INDIANAPOLIS | Democrats drove a stake through Republican Gov. Mitch Daniels' local government reform plan Tuesday, dealing a potentially fatal blow to an issue at the heart of his legislative agenda.
The House Government and Regulatory Reform Committee, led by Rep. John Bartlett, D-Indianapolis, amended five separate reform proposals into one bill. And the Democratic-controlled panel voted 1-7 to kill the combined measure as Republicans stormed out in protest.
"Certainly I'm disappointed," Sen. Ed Charbonneau, R-Valparaiso, said after an election reform measure he co-authored fell victim to the House maneuvering. "This is a long process but sometimes a pretty ugly process."
The legislative surgery got off to a bad start when Rep. Steve Stemler, D-Jeffersonville, bucked fellow Democrats and voted against the amendment to combine the five proposals. That forced Chairman Bartlett, a rookie legislator, to hastily recess the committee.
The panel returned minutes later and took more than three hours of testimony on the efforts to eliminate townships, reorganize library districts, streamline county government and adopt a handful of election reforms. The amendment to lump all of those proposals into one bill prevailed the second time around on a 7-5 vote.
Reps. Earl Harris, D-East Chicago, and Mara Candelaria Reardon, D-Munster, voted to defeat the combined measure.

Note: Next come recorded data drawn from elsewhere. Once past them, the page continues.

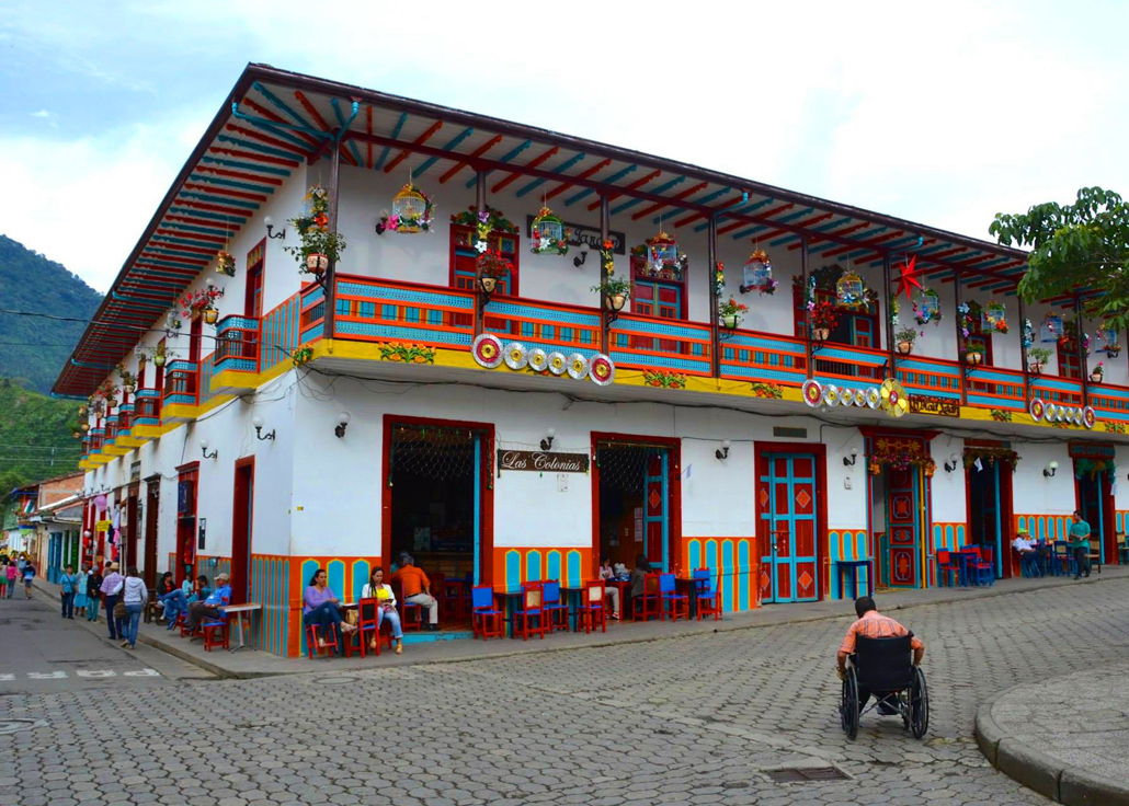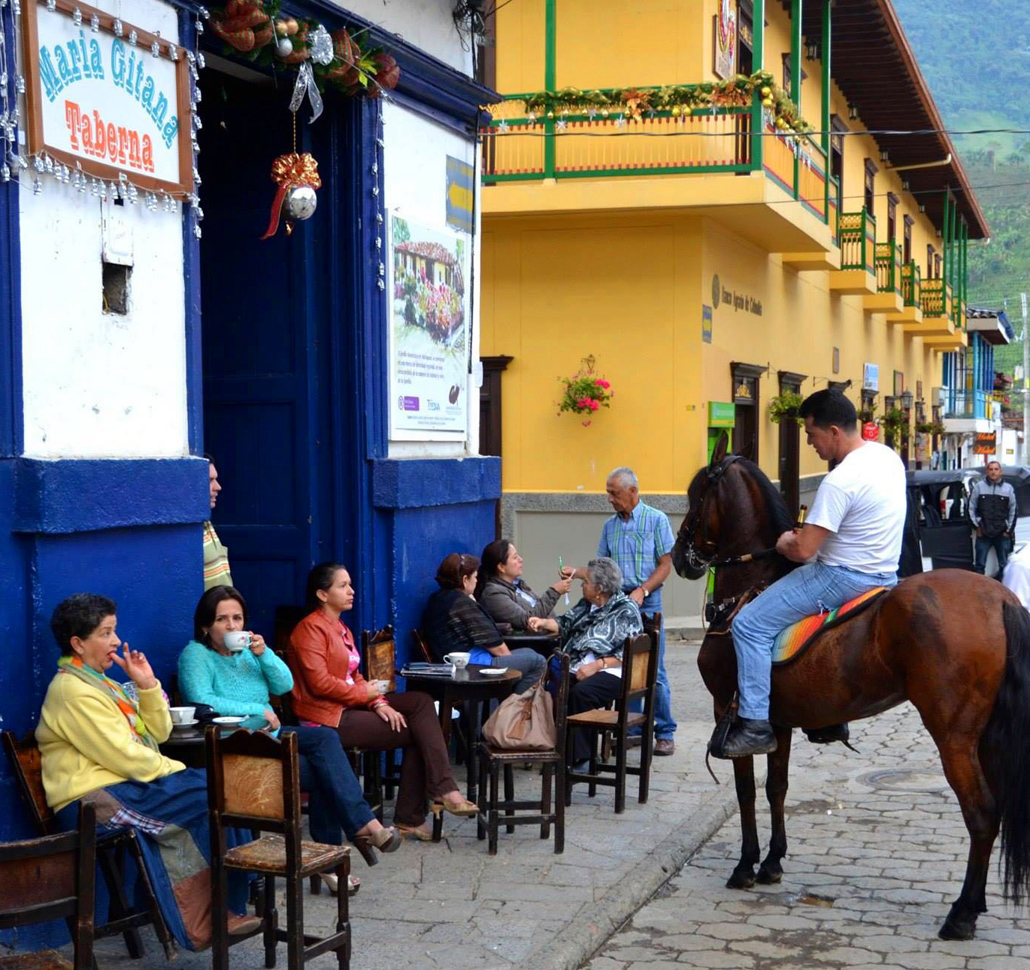 In Jardin angekommen, steht bei vielen Gästen in einer der vielen Bars rings um den Marktplatz eine Flasche des Getränks auf dem Tisch. Ein liebenswürdiger Ort, der fast wie eine Filmkulisse wirkt. Wären da nicht die erwähnten vielen Bars aus denen Musik hallt, dutzende Menschen dafür, manchen reiten einfach mit ihrem Pferd zum Bestellen, auf dem Platz bieten Händler das Obst der Region und allerlei Garküchen laden zu probieren. Farbenfroh reihen sich die Häuser um den Platz. Lateinamerika wie aus dem Bilderbuch.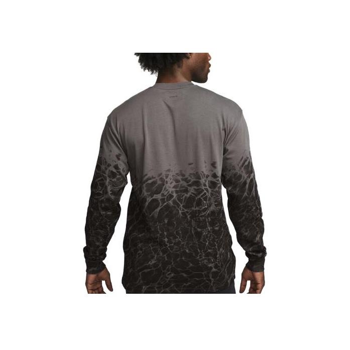 Nike Футболка с вышитым логотипом и водным узором, круглым вырезом и длинными рукавами, унисекс, цвет серый черный FB3031-068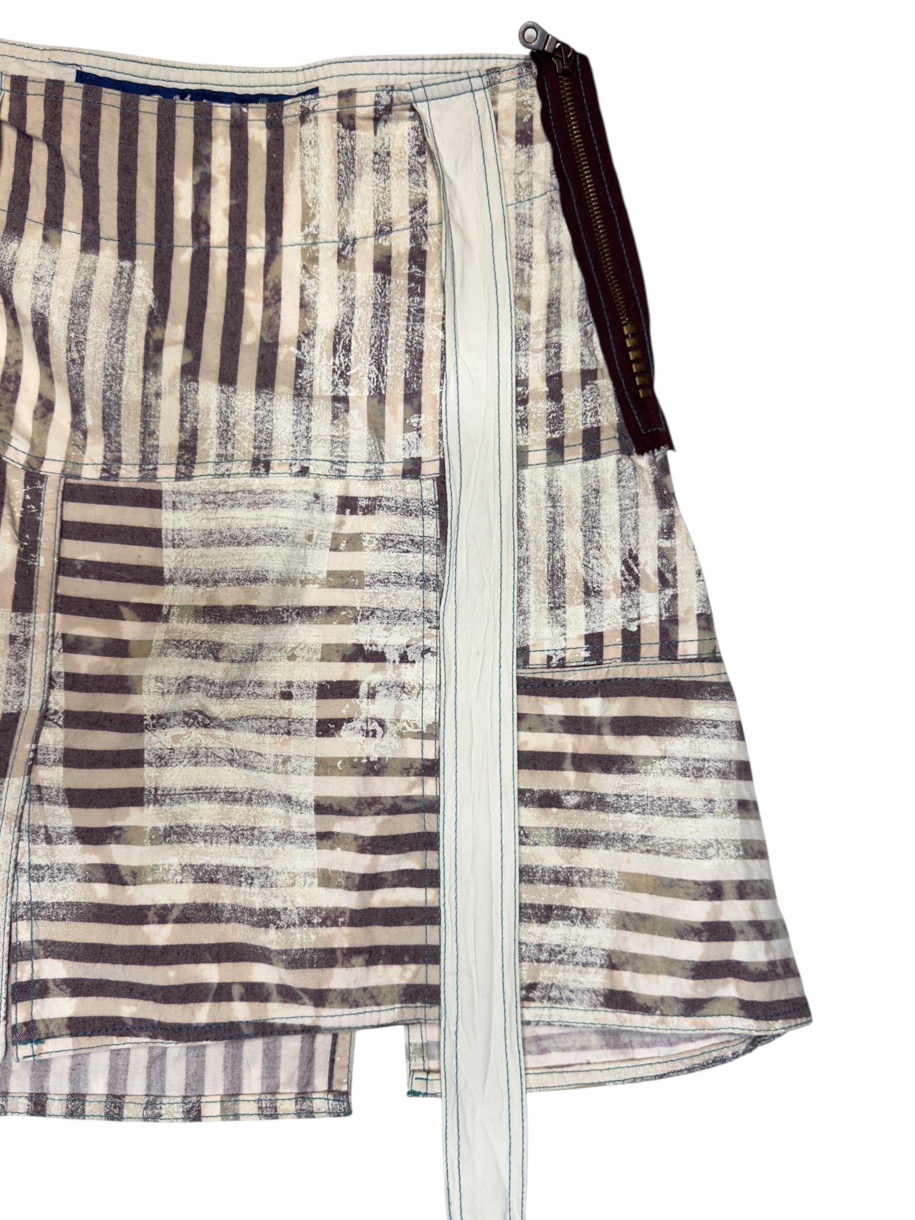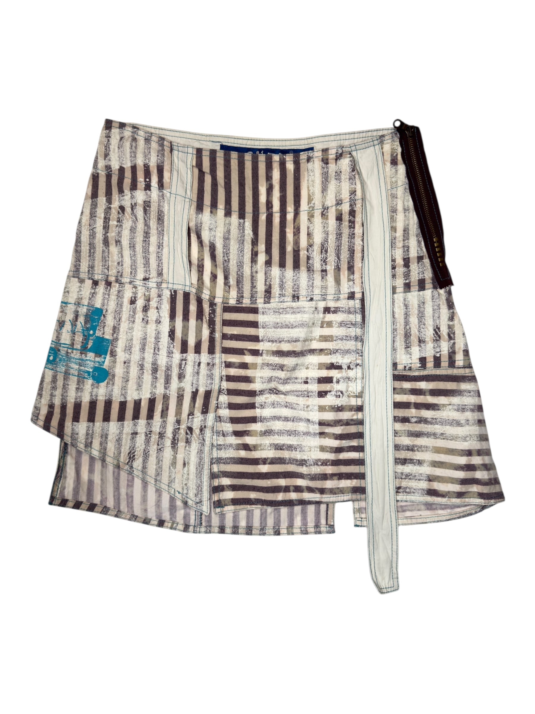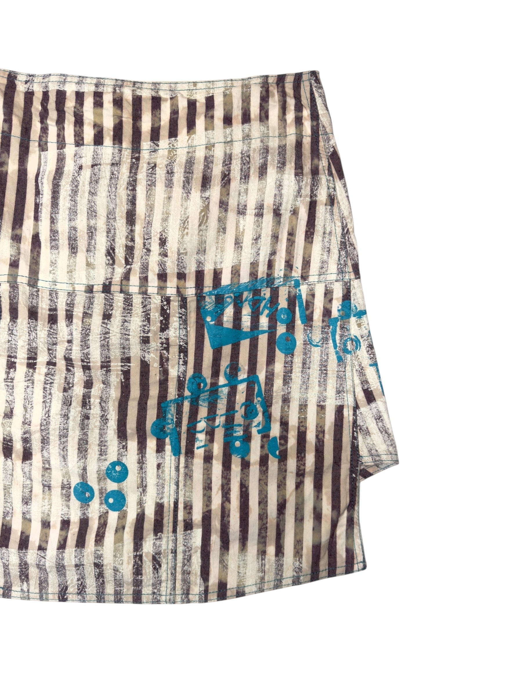Vintage 2000s OHDD by Save the Queen Low Rise Abstract Striped Skirt with Blue Screenprint Detail | 31 Inch Waist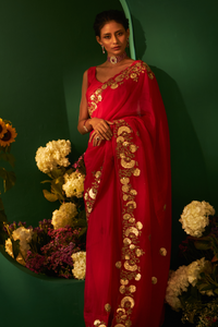 Red Silk Saree with Patti Work

Candelaria Reardon said she supported the library reorganization bill and the bid to streamline county government but couldn't stomach the township abolition effort.
"Our best chance of getting true reform is not doing it all at once," she said. "We've got a great township trustee in (North Township Trustee) Frank Mrvan, and I don't think we have the same problems that Calumet Township has in our efficiencies."
During the hearing, Griffith Town Council President Rick Ryfa chronicled the town's attempt to escape from the tax burden of Calumet Township, which is dominated by Gary. Democrats, meanwhile, argued the recession should stymie the attempt to shift temporary poor relief delivered by townships to the county level.
Democrats, including Candelaria Reardon, also argued against Charbonneau's contribution to the reform agenda, which would prohibit public employees from serving elected office within the same unit of government for which they work.
"In the town of Lowell, that was a real problem," countered Sen. Connie Lawson, R-Danville. A police officer making budget decisions on the Town Council, she said, "basically became the police chief's boss."
Meanwhile, critics contend the move would strap police and firefighters with a prohibition of holding office that is now reserved for convicted felons.
Procedurally speaking, several of the separate reform measures approved by the Senate remain alive in the House. But after the combined measure failed Tuesday, Candelaria Reardon said she does not expect House leadership to give the individual proposals another try.